Not all write caching is safe for use by a database server. You should make sure that your disk controller has features such as safeguards to avoid uncontrolled reset of the caching controller, on-board battery backup, and mirrored or ERC (error checking and correcting) memory. Check with your hardware vendor to ensure that the write cache includes these and any other features necessary to avoid data loss. Do not implement write caching unless the hardware vendor guarantees that their write cache includes these features and any others required to prevent data loss.

Array accelerator cache settings can be left at the default value, which is typically 50:50 read:write. These settings can also be adjusted to favor reads or writes if you know which your system requires. Note that if you are using a write setting above zero here, you have enabled write caching.

If you are using failover clustering, it is a good idea to consider using mirrored cache.

For more information on SQL Server and caching controllers, see Knowledge Base article Q86903 at https://support.microsoft.com.

Channels

If your array configuration controller supports using more than one channel, make sure you take advantage of it. Fast channels have a tremendous effect on I/O performance.

On a SCSI array controller, the only way to check this is to open the configuration tool that was provided by your controller manufacturer, and look at the settings. Use caution when doing this, because if you press OK or Save at any point while viewing the controller settings, you may inadvertently reconfigure your array (which would result in immediate loss of any data stored on that drive).

Windows NT File System (NTFS) Allocation Unit

SCSI Drives: When you format the new drives in Disk Administrator, you should consider an allocation unit, or block size, that will provide optimal performance. Significant performance gains may be obtained by sizing this to a larger value in order to reduce disk I/Os; however, the default value is based on the size of the physical disk. The best practice for SQL Server is to choose 64 KB, because this reduces the likelihood of I/Os that span distinct NTFS allocations, which then might result in split I/Os. Keep in mind that although this information can be useful, the type of storage you are using (and in some cases also your backup software) will drive the format of your disks. If you are changing the block size on an existing system, be sure to run a baseline in your test environment and another after you have tested the changes.

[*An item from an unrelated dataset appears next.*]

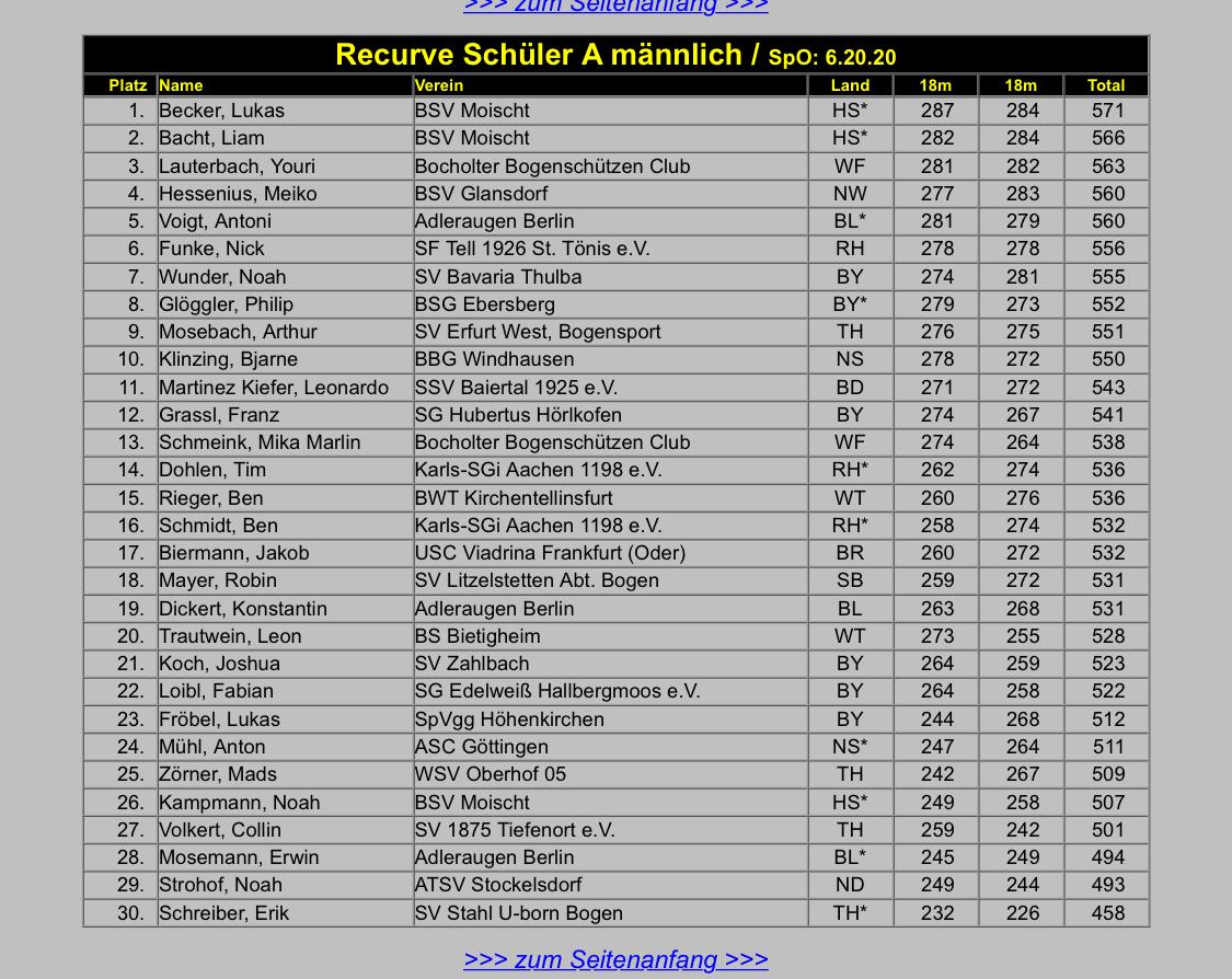 Ergebnistafel 2026 Deutsche Meisterschaft Bogen Halle

For more information on planning and configuring hardware, see Inside SQL Server 2000 by Kalen Delaney. For specific information on your hardware, refer to the customer service site of your hardware manufacturer.

Data Storage Subsystem Management

When you are ready to configure the disks, you should make a diagram of the hardware to help you decide how to configure the hardware in accordance with the data file layout strategy you need. You should be aware of a few concepts. Except for the amount of total disk space you need, you should give less attention to the size of the hard drives than you give to the number of hard drives in a set. This was important in ordering the hardware, and it is important now as you lay out the data files.

RAID

RAID (Redundant Array of Independent Disks) protects data by keeping redundant copies of it on different physical disks, so that if one disk is lost through hardware failure, enough information exists on the remaining disks to reconstruct the original data. For a database server, always choose hardware-level RAID rather than software RAID. Software RAID uses CPU cycles, and this prevents SQL Server from performing at the maximum level. Two core RAID levels are of value for a database server: striping with parity (RAID 5) and striped mirror (RAID 0+1). The best overall option is to choose RAID 0+1 (also called RAID 01 or "striped mirror"). RAID 5 can be used in certain circumstances, but is generally more expensive in the long run, and less reliable.

Important: Do not use software RAID on a SQL Server unless you can spare the CPU usage. Also, do not use file compression on a database server—this is not supported.

Keeping redundant copies of data on different physical disks protects the data, so that if one disk is lost through hardware failure, enough information exists on the remaining disks to reconstruct the original data. In RAID 5, each time data is written to disk, it actually takes four I/O operations to create the read data and parity blocks, and the write data and parity blocks. This is slow for two reasons: First, each process is consecutive, so they must wait for each other; second, this operation occurs while many other transactions are vying for the disk resources. RAID 0+1 writes to the primary disk and the mirror in one operation. Although you do have to wait for the write to complete on both drives, both writes are simultaneous.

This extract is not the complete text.